GOAL OF THE EXERCISE: Exercise in exact copying: restate word for word only the lines below from the one containing "সকলের অবগতির জন্য" through the one containing "EX HIRE – ROUND", omitting any pictures.

INPUT DATA:
○ ○ ○ ○ ○

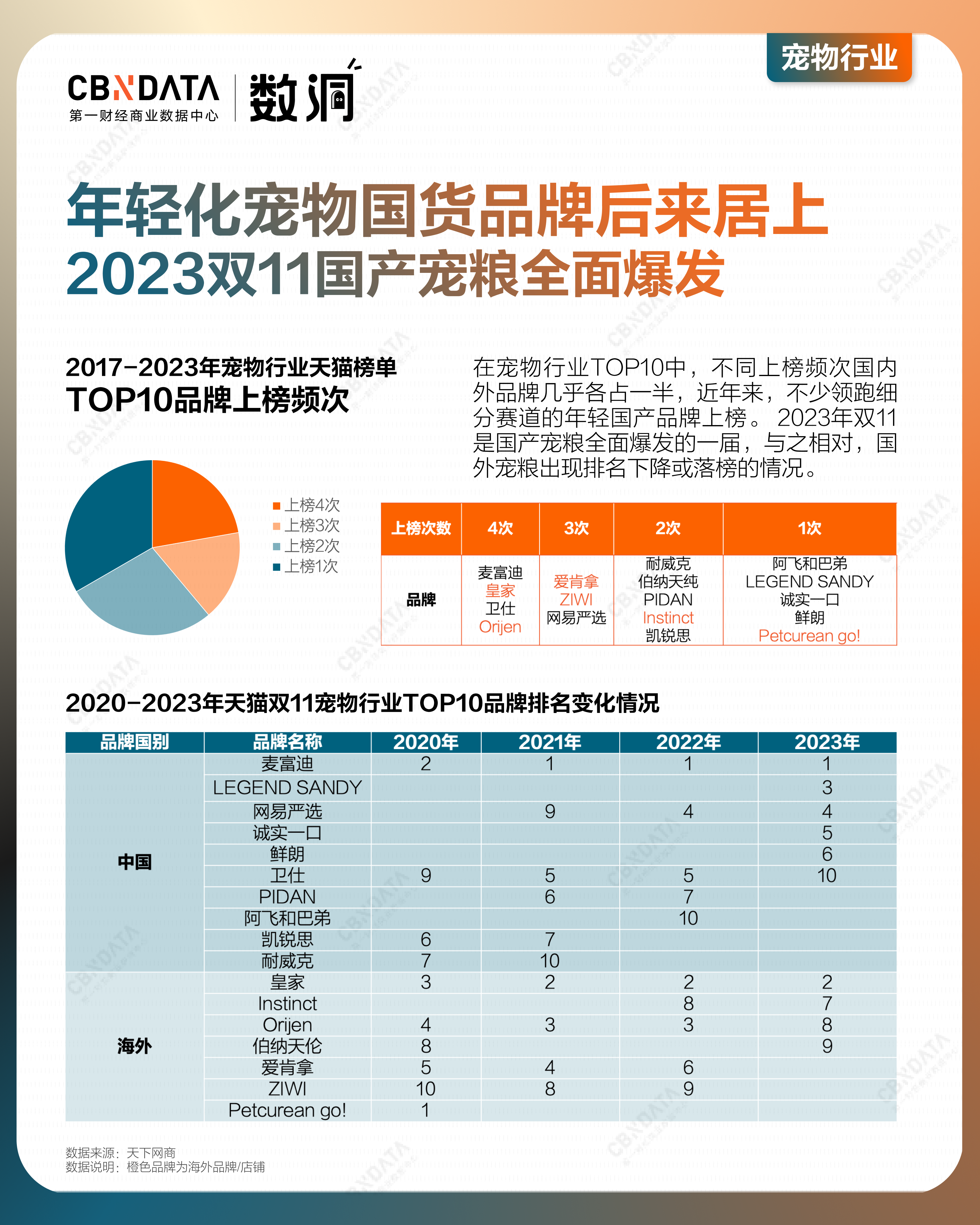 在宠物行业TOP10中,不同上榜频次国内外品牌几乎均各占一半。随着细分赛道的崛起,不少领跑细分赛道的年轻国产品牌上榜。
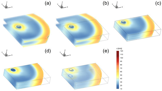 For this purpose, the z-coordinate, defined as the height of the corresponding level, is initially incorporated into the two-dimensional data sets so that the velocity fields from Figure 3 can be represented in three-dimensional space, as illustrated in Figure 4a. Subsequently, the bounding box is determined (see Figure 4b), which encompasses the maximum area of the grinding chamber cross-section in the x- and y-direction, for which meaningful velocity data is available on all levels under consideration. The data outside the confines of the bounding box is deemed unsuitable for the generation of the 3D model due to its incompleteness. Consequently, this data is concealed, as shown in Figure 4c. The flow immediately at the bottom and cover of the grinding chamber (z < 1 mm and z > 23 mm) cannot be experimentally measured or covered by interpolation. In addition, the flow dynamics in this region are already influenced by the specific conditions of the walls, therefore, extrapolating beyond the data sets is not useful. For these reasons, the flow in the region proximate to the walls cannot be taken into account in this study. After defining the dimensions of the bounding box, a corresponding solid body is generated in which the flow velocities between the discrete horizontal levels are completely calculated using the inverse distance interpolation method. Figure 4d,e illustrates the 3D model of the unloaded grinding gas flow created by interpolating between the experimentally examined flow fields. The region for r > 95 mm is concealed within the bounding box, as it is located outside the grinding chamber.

○ ○ ○ ○ ○

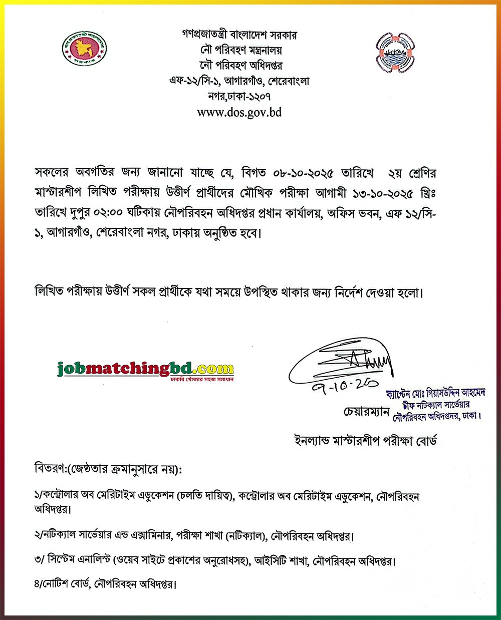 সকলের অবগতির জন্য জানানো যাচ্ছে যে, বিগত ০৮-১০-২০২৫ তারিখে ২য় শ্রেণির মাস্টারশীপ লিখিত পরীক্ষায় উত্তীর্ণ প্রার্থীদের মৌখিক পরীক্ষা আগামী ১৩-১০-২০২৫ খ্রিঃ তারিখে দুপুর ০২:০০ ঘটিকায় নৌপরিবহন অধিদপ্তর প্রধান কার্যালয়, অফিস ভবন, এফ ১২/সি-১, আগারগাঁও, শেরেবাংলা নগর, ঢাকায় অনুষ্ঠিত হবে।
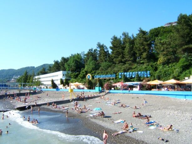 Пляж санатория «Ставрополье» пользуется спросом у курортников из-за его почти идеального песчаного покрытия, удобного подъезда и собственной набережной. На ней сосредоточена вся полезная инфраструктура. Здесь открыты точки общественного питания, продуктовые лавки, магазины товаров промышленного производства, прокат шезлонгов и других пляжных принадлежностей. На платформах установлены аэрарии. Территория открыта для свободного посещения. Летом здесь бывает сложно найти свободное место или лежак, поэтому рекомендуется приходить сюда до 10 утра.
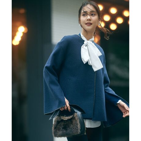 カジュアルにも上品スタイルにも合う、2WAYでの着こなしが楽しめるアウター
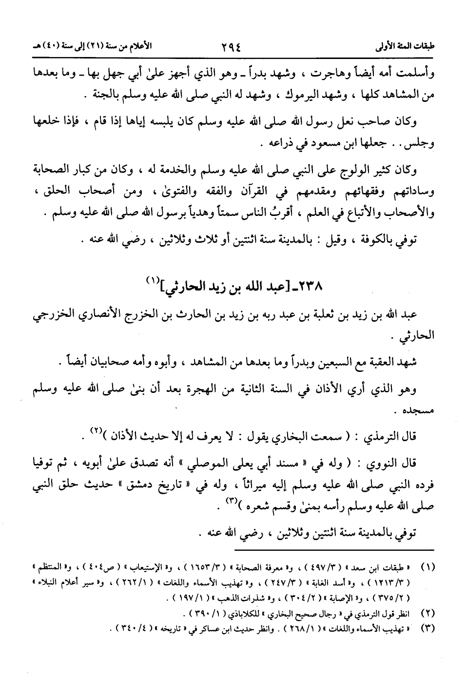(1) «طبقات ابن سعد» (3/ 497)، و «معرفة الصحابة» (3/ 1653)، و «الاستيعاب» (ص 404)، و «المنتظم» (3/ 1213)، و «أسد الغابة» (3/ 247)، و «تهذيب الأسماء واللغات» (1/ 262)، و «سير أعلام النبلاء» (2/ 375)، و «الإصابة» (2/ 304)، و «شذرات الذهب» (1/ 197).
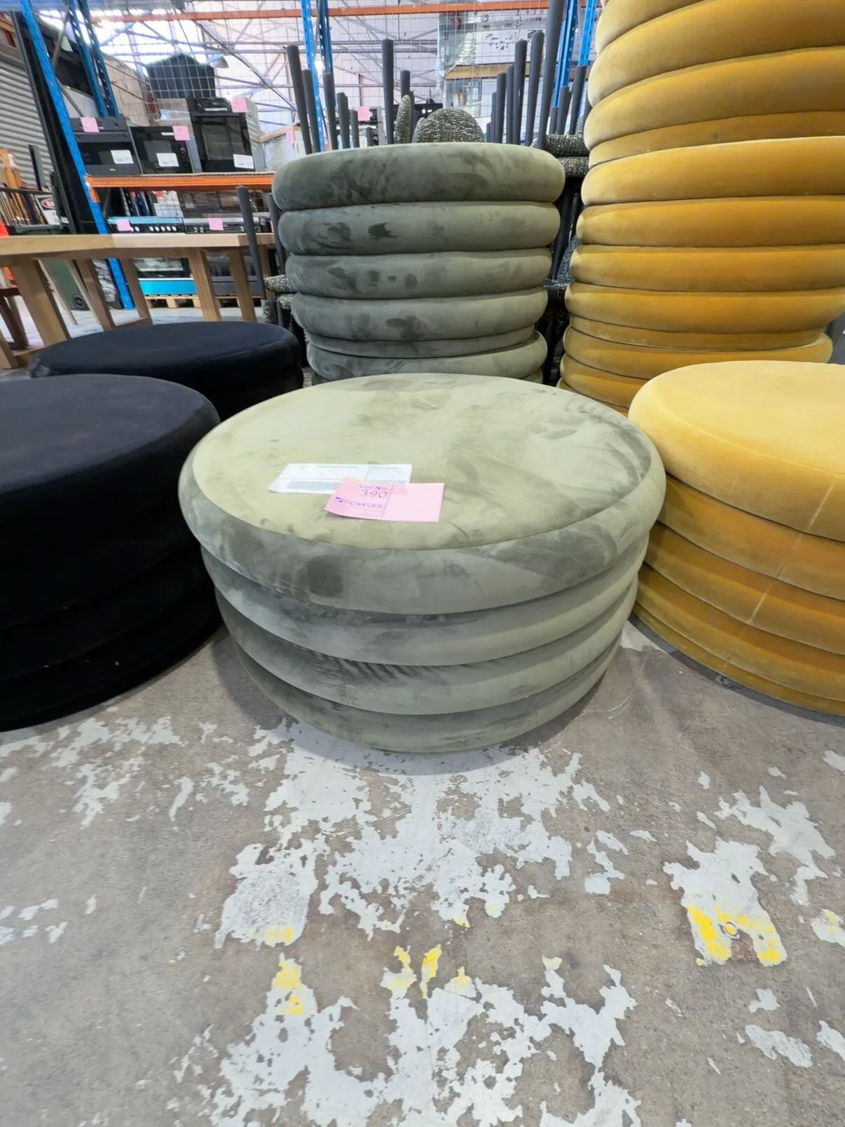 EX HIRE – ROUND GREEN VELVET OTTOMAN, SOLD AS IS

○ ○ ○ ○ ○

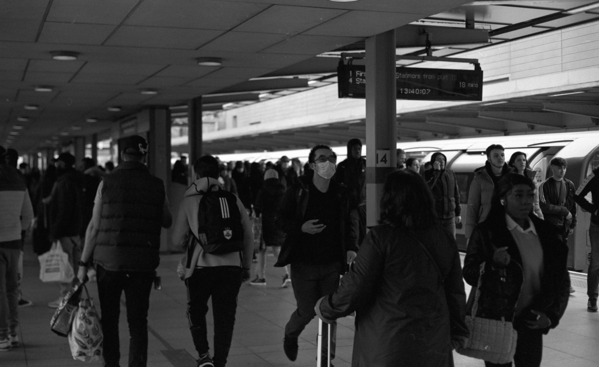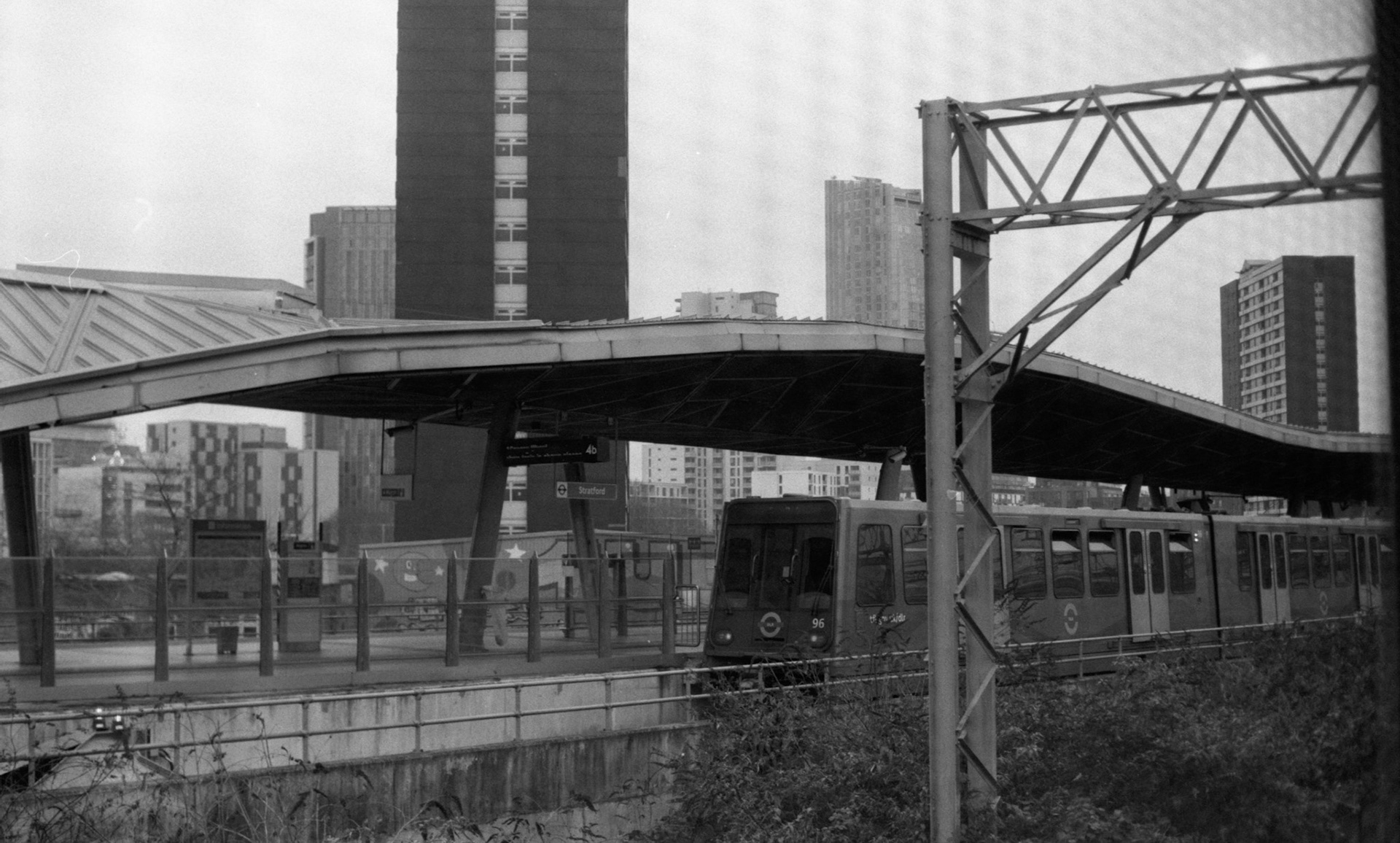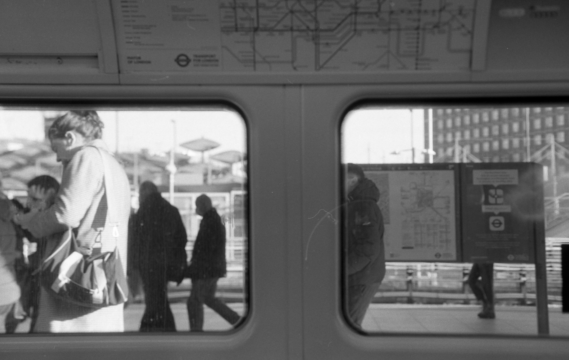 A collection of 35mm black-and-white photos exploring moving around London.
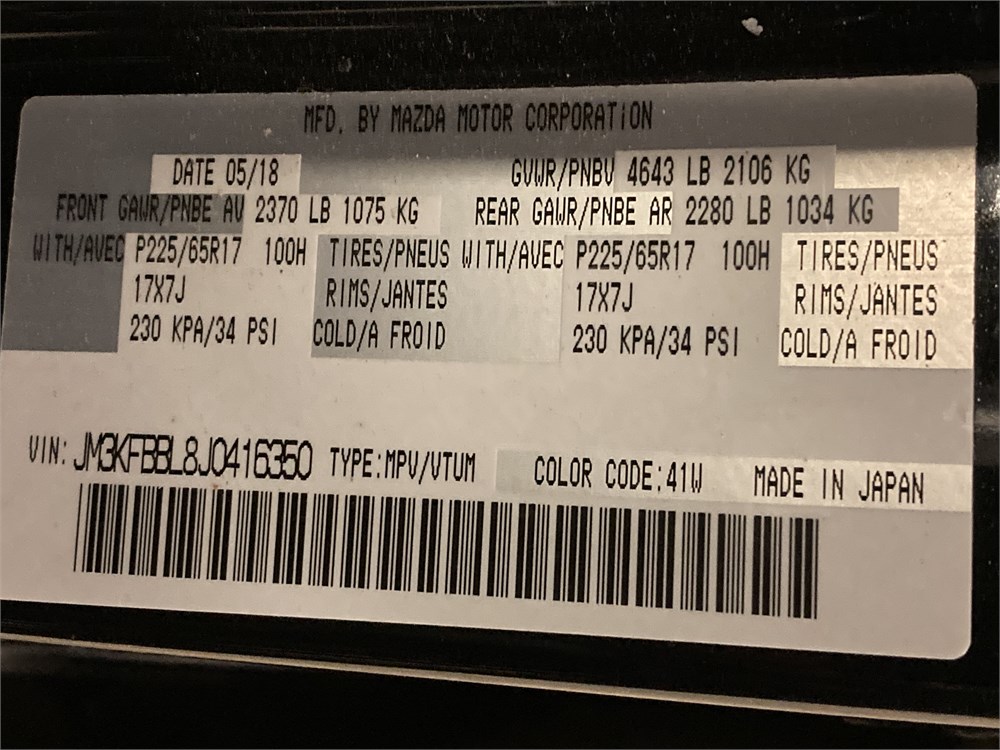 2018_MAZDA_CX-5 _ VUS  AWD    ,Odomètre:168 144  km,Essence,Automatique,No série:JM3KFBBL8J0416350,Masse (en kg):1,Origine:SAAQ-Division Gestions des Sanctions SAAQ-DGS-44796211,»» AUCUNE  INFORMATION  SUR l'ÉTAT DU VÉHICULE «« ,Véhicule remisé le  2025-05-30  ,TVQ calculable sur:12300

○ ○ ○ ○ ○

SOLVED EXERCISE:
 সকলের অবগতির জন্য জানানো যাচ্ছে যে, বিগত ০৮-১০-২০২৫ তারিখে ২য় শ্রেণির মাস্টারশীপ লিখিত পরীক্ষায় উত্তীর্ণ প্রার্থীদের মৌখিক পরীক্ষা আগামী ১৩-১০-২০২৫ খ্রিঃ তারিখে দুপুর ০২:০০ ঘটিকায় নৌপরিবহন অধিদপ্তর প্রধান কার্যালয়, অফিস ভবন, এফ ১২/সি-১, আগারগাঁও, শেরেবাংলা নগর, ঢাকায় অনুষ্ঠিত হবে।
 Пляж санатория «Ставрополье» пользуется спросом у курортников из-за его почти идеального песчаного покрытия, удобного подъезда и собственной набережной. На ней сосредоточена вся полезная инфраструктура. Здесь открыты точки общественного питания, продуктовые лавки, магазины товаров промышленного производства, прокат шезлонгов и других пляжных принадлежностей. На платформах установлены аэрарии. Территория открыта для свободного посещения. Летом здесь бывает сложно найти свободное место или лежак, поэтому рекомендуется приходить сюда до 10 утра.
 カジュアルにも上品スタイルにも合う、2WAYでの着こなしが楽しめるアウター
(1) «طبقات ابن سعد» (3/ 497)، و «معرفة الصحابة» (3/ 1653)، و «الاستيعاب» (ص 404)، و «المنتظم» (3/ 1213)، و «أسد الغابة» (3/ 247)، و «تهذيب الأسماء واللغات» (1/ 262)، و «سير أعلام النبلاء» (2/ 375)، و «الإصابة» (2/ 304)، و «شذرات الذهب» (1/ 197).
 EX HIRE – ROUND GREEN VELVET OTTOMAN, SOLD AS IS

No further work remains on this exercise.